== Input material ==

☆ ☆ ☆ ☆ ☆

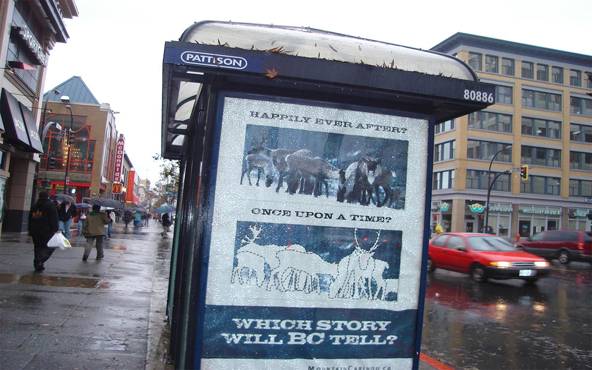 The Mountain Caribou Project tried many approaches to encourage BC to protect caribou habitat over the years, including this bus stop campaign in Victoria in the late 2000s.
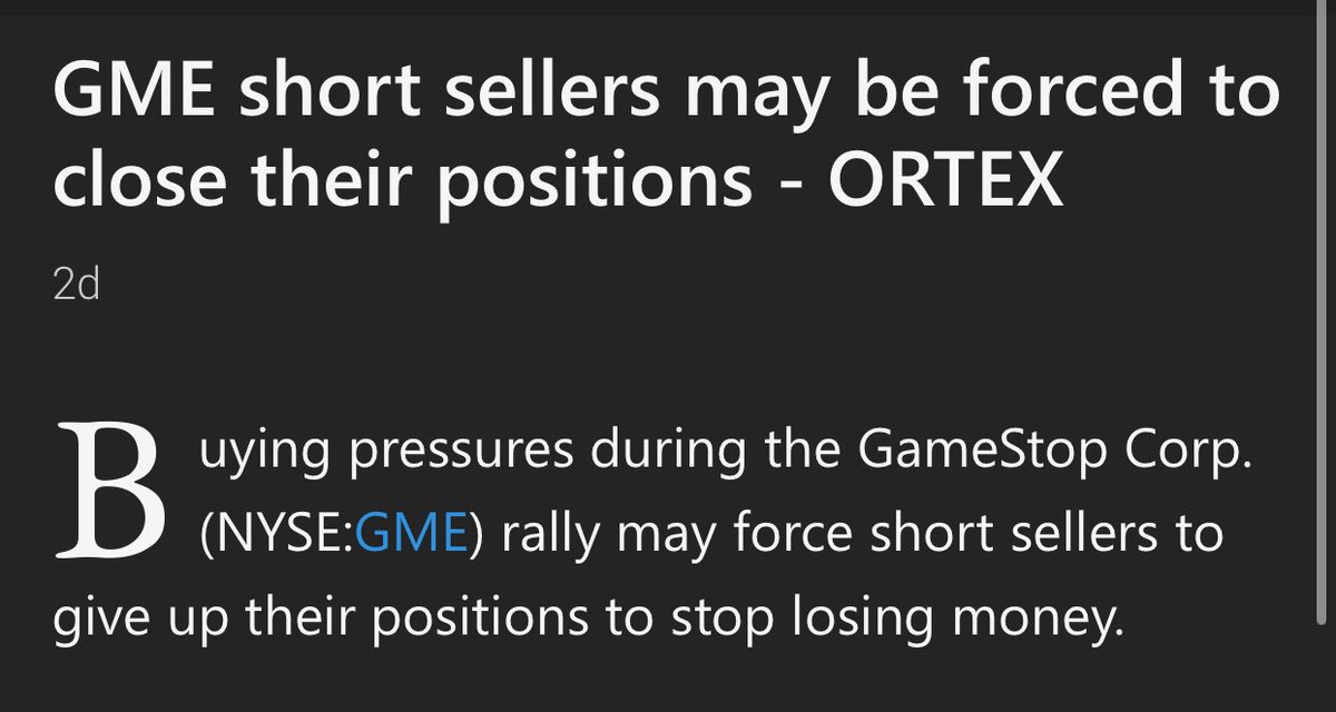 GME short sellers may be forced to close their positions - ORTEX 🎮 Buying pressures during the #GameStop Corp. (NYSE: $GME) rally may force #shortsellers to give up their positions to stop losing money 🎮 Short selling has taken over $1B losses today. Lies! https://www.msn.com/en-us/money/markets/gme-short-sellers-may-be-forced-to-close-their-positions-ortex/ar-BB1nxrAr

☆ ☆ ☆ ☆ ☆

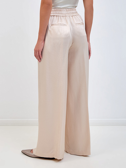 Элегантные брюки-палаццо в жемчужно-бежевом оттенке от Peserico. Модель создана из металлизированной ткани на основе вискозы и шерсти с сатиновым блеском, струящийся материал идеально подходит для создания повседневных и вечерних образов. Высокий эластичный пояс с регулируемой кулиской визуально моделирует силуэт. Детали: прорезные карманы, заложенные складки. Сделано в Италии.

☆ ☆ ☆ ☆ ☆

Starting at the line above that holds "The Mountain Caribou", return each line up to and including the one that holds "GME short sellers", exactly as written, minus any pictures.

== Worked solution ==
 The Mountain Caribou Project tried many approaches to encourage BC to protect caribou habitat over the years, including this bus stop campaign in Victoria in the late 2000s.
 GME short sellers may be forced to close their positions - ORTEX 🎮 Buying pressures during the #GameStop Corp. (NYSE: $GME) rally may force #shortsellers to give up their positions to stop losing money 🎮 Short selling has taken over $1B losses today. Lies! https://www.msn.com/en-us/money/markets/gme-short-sellers-may-be-forced-to-close-their-positions-ortex/ar-BB1nxrAr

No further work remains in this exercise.